El fraude bancario detectado en el 2003, provocó que el Banco Central emitiera RD$100,000 millones para rescatar a los depositantes y evitar una corrida bancaria. En esa ocasión se produjo una inflación del 60% y una devaluación del 100%.
Pero este alto costo se debió tan sólo a los RD$40,000 millones en que aumentó la emisión ese año, ya que concomitantemente, el Banco Central sacó de circulación unos RD$60,000 millones a través de la emisión de valores que se vendieron al público.
En consecuencia, quedó pospuesto para años futuros el costo de esos RD$60,000 millones, ya que esta es una deuda del Banco Central que al momento de honrarla producirá un aumento equivalente en la emisión y por tanto una inflación y devaluación de la moneda.

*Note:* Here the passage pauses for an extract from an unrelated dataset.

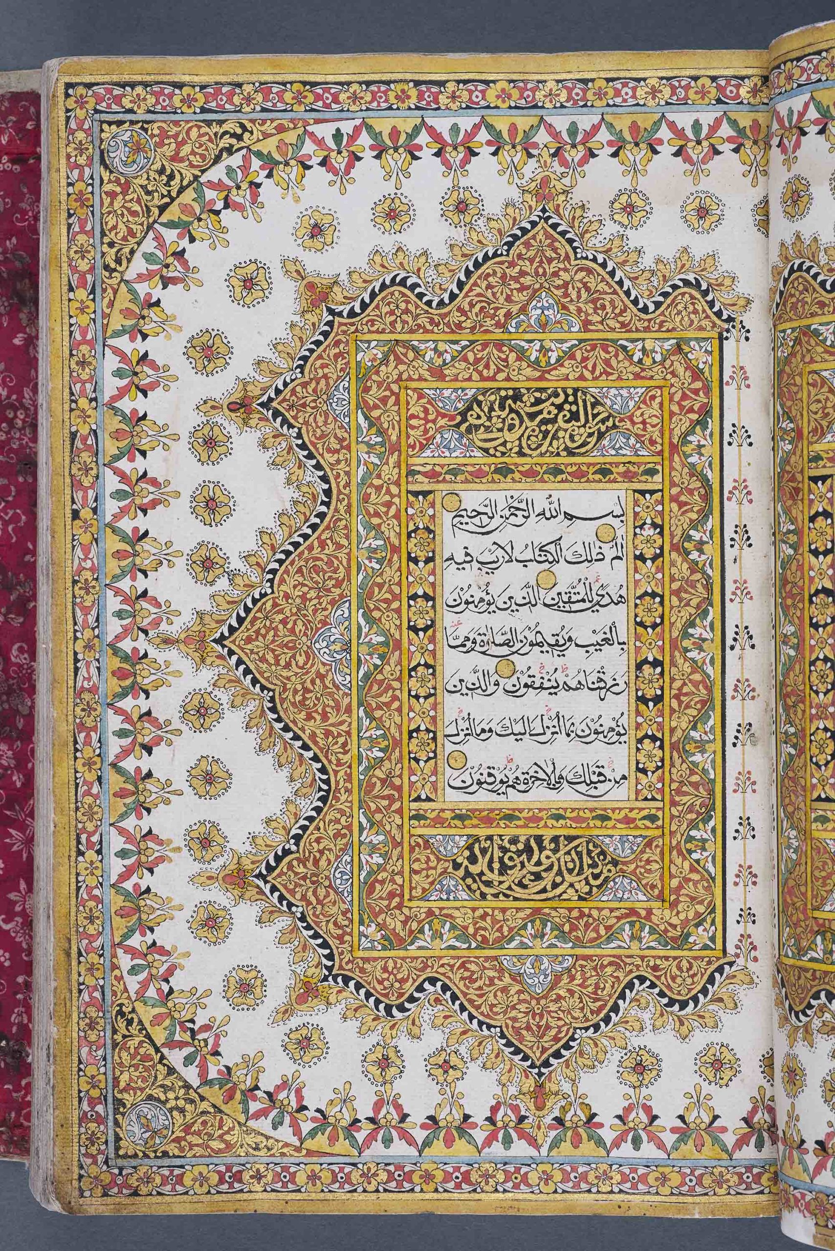 Left-side of a double-page opening of the Qur’án from Terengganu with beginning of the chapter Al-Baqara (the Súrih of the Cow). End of the 18th or 19th century. Asian Civilisations Museum: Source: Wikimedia Commons.

Por esta razón, el Banco optó por seguir posponiendo la otra parte del costo del rescate bancario, para que se diluyera en el tiempo. Así, cada vez que el Banco Central emitía dinero para pagar los intereses que devengaban los valores en circulación, por otro lado retiraba una cantidad equivalente emitiendo nuevos valores. En el 2005 el stock de los valores emitidos por el Banco se incrementó en RD$29,400 millones, llegando a finales de ese año a unos RD$140,000 millones.
De ahí que las autoridades se dieron cuenta de que no podían seguir esta política indefinidamente y que por tanto el Gobierno tenía que salir en rescate del Banco. Por esta razón se aprobó en el 2006 la Ley de Recapitalización del Banco Central, mediante la cual el Gobierno se comprometió a emitir bonos que entregaría paulatinamente al Banco.
Esos bonos devengan intereses anuales, los cuales el Gobierno paga al Banco y así esa institución puede sacar de circulación dicha cantidad. Está previsto que esas emisiones de bonos del Gobierno llegarán eventualmente hasta RD$320,000 millones. En el primer año se emitieron RD$36,300 millones, en el segundo otros RD$18,900 millones y así sucesivamente. En la actualidad ya se han emitido RD$82,000 millones.
Para este año, el Gobierno tenía que entregar al Banco RD$14,500 millones por concepto de intereses, pero sólo consignó en el Presupuesto Nacional RD$4,000 millones, confiados en que el FMI lo permitiría.
Sin embargo, el FMI ha dicho que es necesario que se entregue la totalidad de los RD$14,500 millones, por lo que el Gobierno ha tenido que buscar a última hora los RD$10,500 restantes, para lo cual ha tenido que reducir otros gastos que tenía previsto.
Para el 2012 se tiene proyectado que el Gobierno le entregue al Banco RD$22,700 millones, para el 2013 otros RD$27,500 y así sucesivamente.
Los gobiernos tienen que entender que si no se hacen esos pagos oportunamente se corre peligro de que se desestabilice nuevamente la economía.
Esa es la pesada carga fiscal que tendremos que pagar por muchos años para poder mantener la estabilidad.